Whether he spoke to the girl or not, no one knows, but never again was it necessary to even mentally criticise that young girl's manners with young men. Not only did her manners change, but the expression of her face. One grew to love and trust her, and ask her help for other girls.

The chivalry of the working boys and young men is constantly seen, unconsciously revealed. Sometimes it is dangerous the degree in which it shows itself among the finest of the boys. A sick girl, unable to go out, will command attentions so special and direct that the fear of her misunderstanding, and suffering because she has not understood, will make those interested who know the danger unhappy; sympathy from any cause will make a great-hearted working boy place himself in a position where he may be easily misunderstood.

It is astonishing how long the spirit of childhood will live in working boys and girls, even under conditions that seem never to justify happiness and spontaneity!

One Sunday a group of working men and girls went nutting, being duly and properly chaperoned. Four of the young men climbed a big walnut tree. The girls, with some of the young men, were gathered at the foot, waiting for the shower of nuts. The chaperon sat on a stone fence a little way off. The wind began to blow, swaying the top branches. One of the young men having a good voice laid himself along a limb high from the ground, singing "Rock-a-bye, baby, on the tree top." The others took it up and the girls joined in. Over and over it was sung. Then the girls and boys on the ground joined hands outside the span of the tree and sang "Ring around a rosy."

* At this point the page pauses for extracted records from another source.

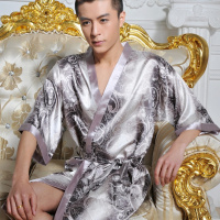 睡袍男夏季短袖丝绸薄款睡衣连体春秋冬中长仿真丝浴袍冰丝家居服
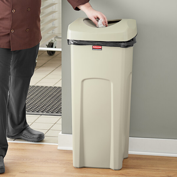 Rubbermaid® 6903569BGKIT Untouchable 92 Qt. / 23 Gallon Beige Square Trash Can with Drop Shot Lid
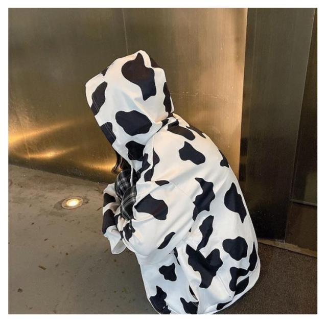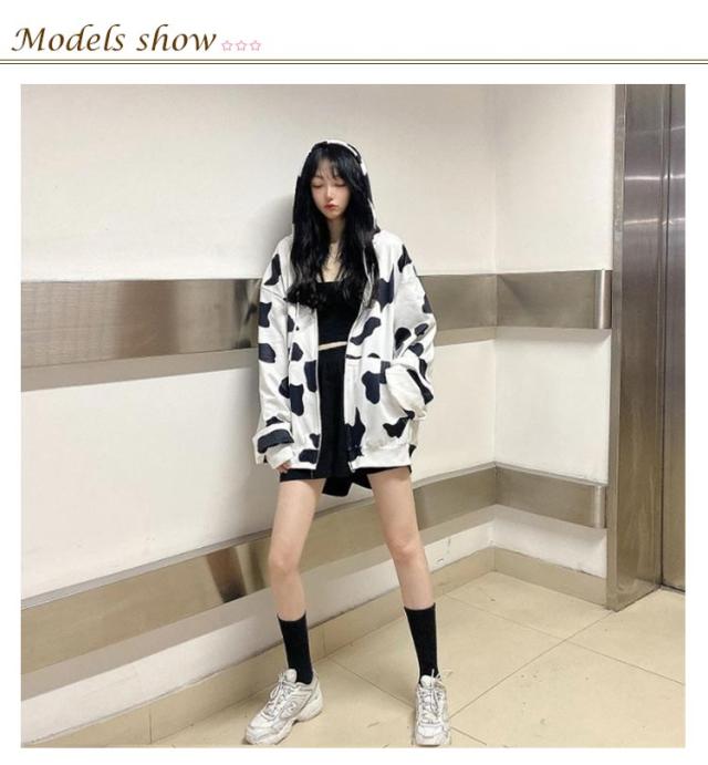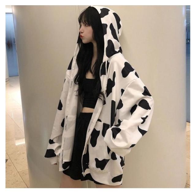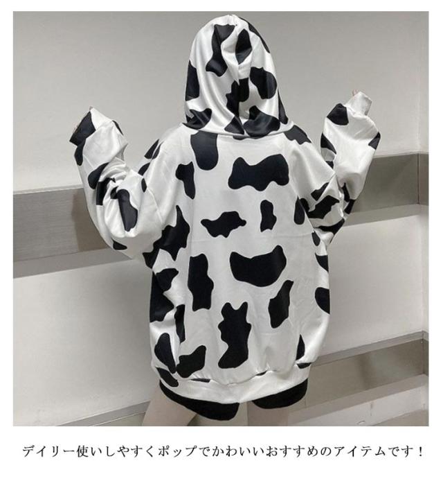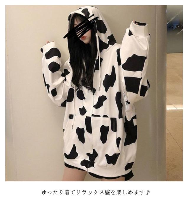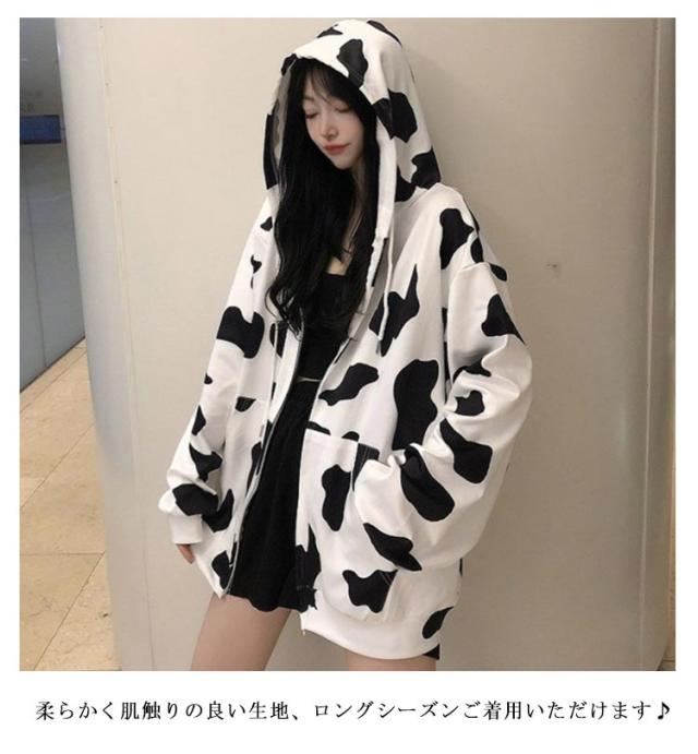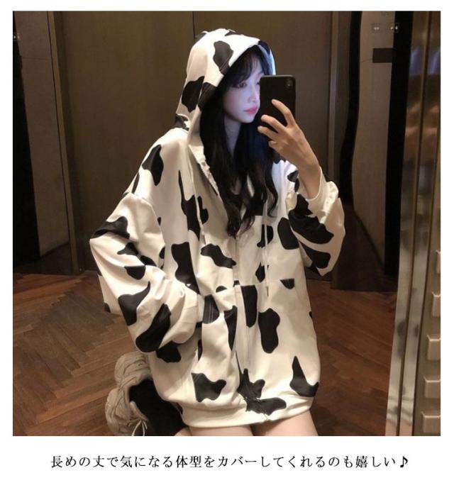 ジップアップ ジップアップ ロング丈 COW柄 パーカー オーバーサイズ パーカー フード付き 長袖 量産型 地雷系 牛柄 原宿風 ストリート系 韓国ファッション 大きいサイズ 個性的
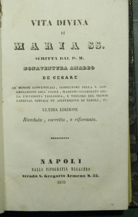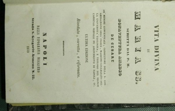 Vita divina di Maria SS. | Libri antichi e moderni | De Cesare Bonaventura Amadeo
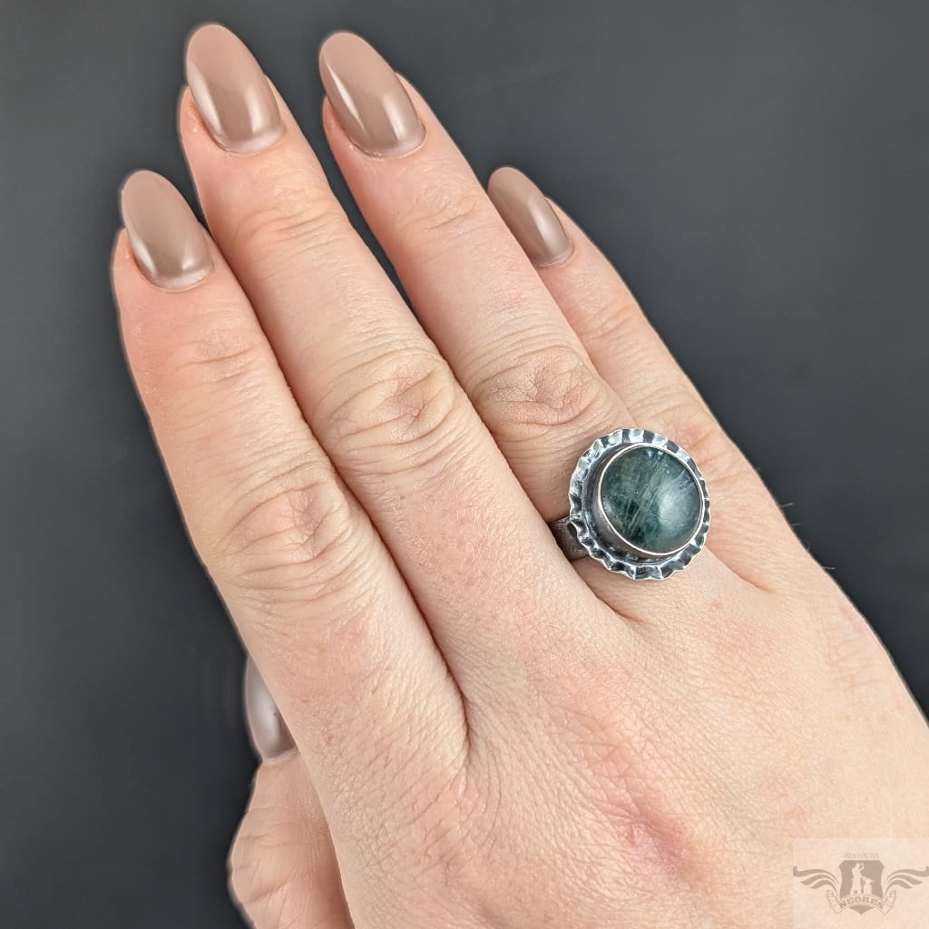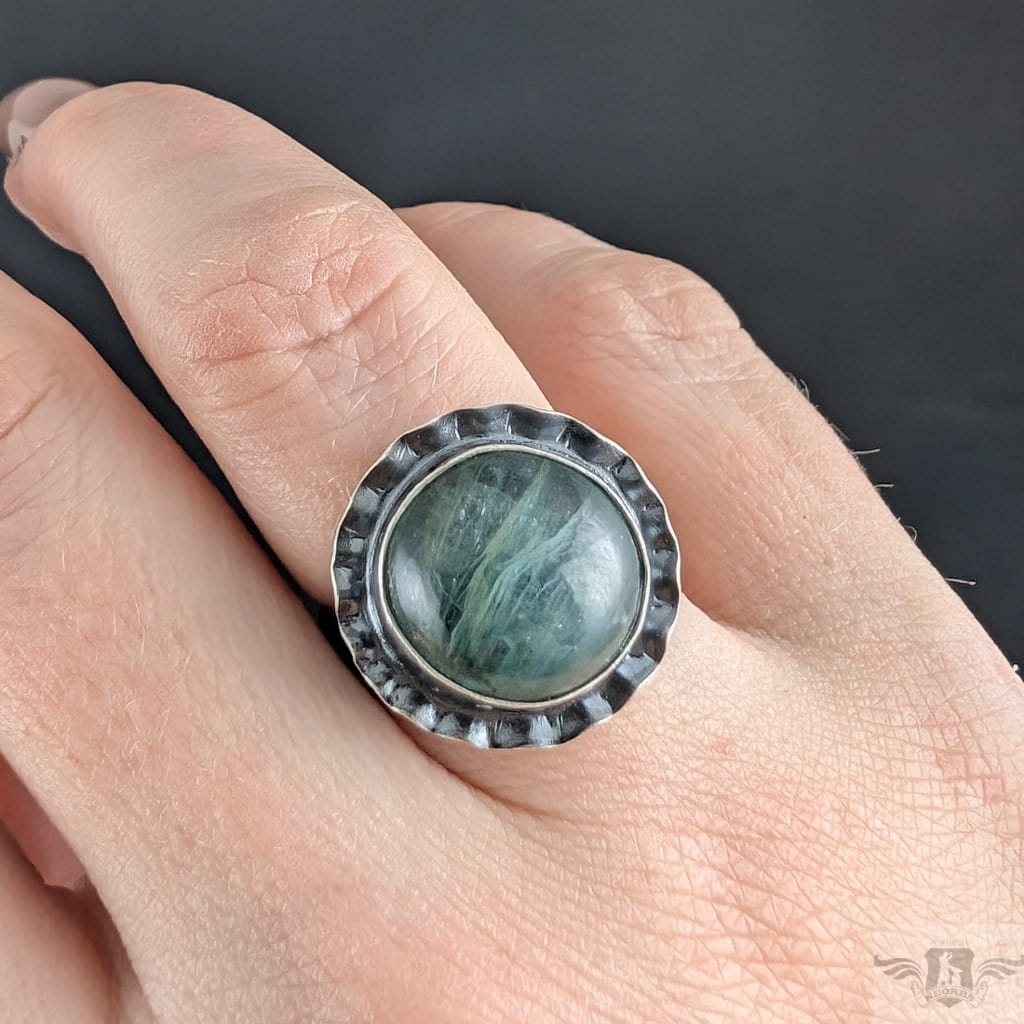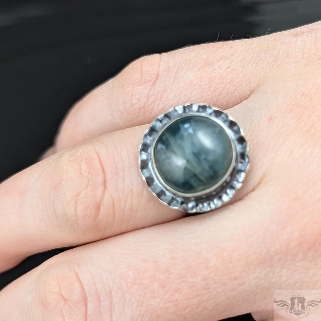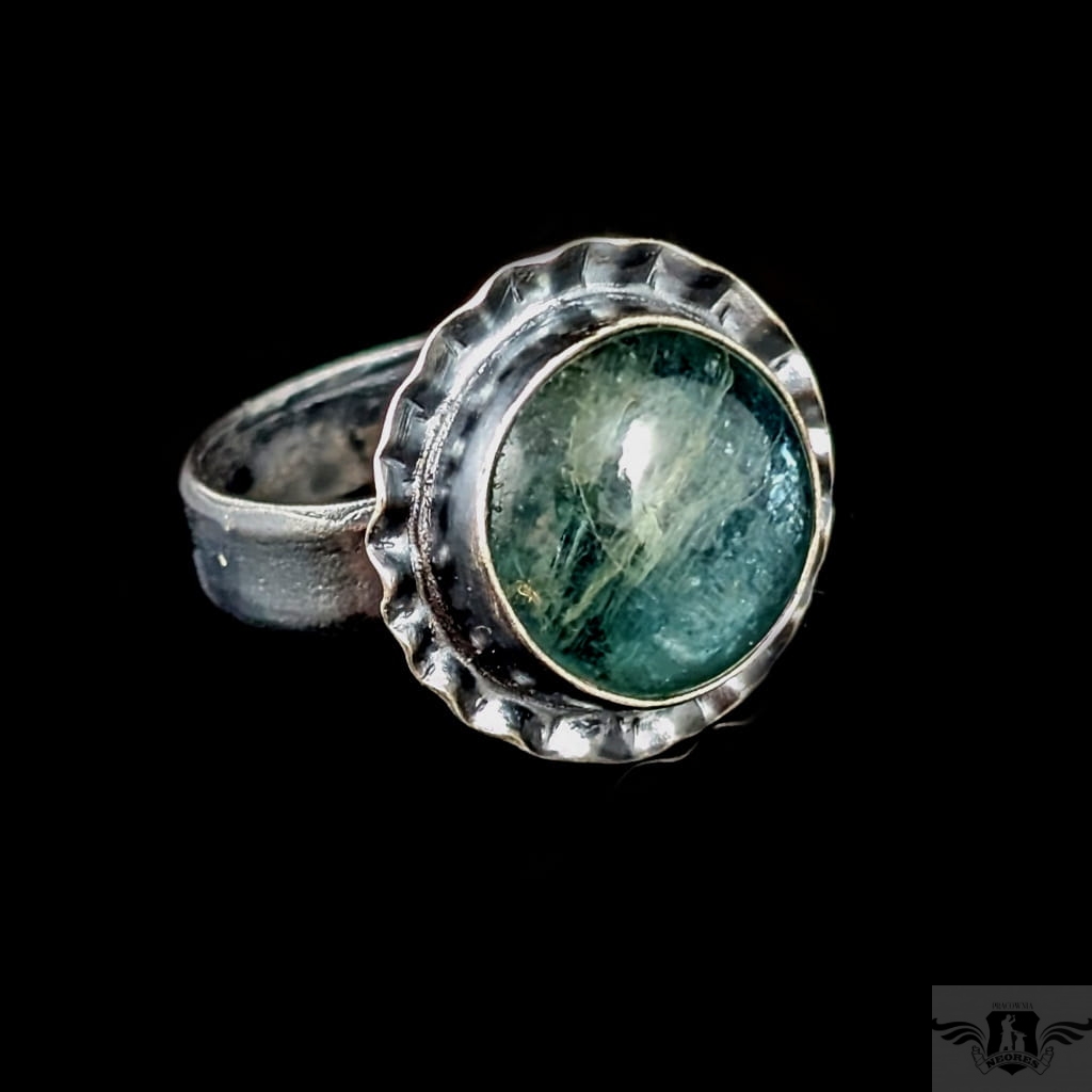 Pierścionek wykonany z oksydowanego srebra próby 925 oraz pięknego kyanitu o rzadkiej morskiej barwie. Wymiary oprawy kamienia 18 mm. Rozmiar jubilerski regulowany w szerkim zakresie, proszę napisać, na jaki dopasowac. Waga 7,6 grama. Pierścień zostanie zapakowany w ozdobne pudełeczko.

Every singing game of childhood was enthusiastically played. Every one of these young people were poor as the world counts wealth--every one over eighteen--all had worked from the first moment they could earn wages. Each one had suffered the wearing anxiety of no wages when the family needed what they could earn, and yet they sang--they felt like children. No amount of money at the time could have bought them this happiness.

The sun poured down a glory of yellow light on the trees that seemed to have caught its color dashed with red flames. Across the field came one of the girls slowly--a girl who never had manifested any enthusiasm, except for dancing; who never gave expression to any emotion of feeling. It was thought impossible to move her. As she came nearer, it was seen that she was deeply stirred; her face was expressive. Putting her head against the arm of the chaperon, she whispered, rather than spoke: "I did not know trees were any color but green before." The tears were chasing each other down her cheeks, while her mouth was wreathed with smiles. The girl was over twenty. Had she been born in a family that would use the privileges of the various Fresh-Air organizations, she would have known more of the country. It was this year that she first saw the stars over the trees, and the moon at the full in the sky when it had a horizon. Obedience to her was not easy, but to her brother she gave it willingly; he had been her nurse in babyhood, her friend and companion in childhood, and was now her protector. In every plan of these young people he considered his sister first. If she had an escort, he invited some other girl to go with him; if not, he took his sister. The girl never manifested any interest in young men beyond their ability to dance well. She would find a dozen reasons for not dancing if she found herself on the floor with an awkward dancer.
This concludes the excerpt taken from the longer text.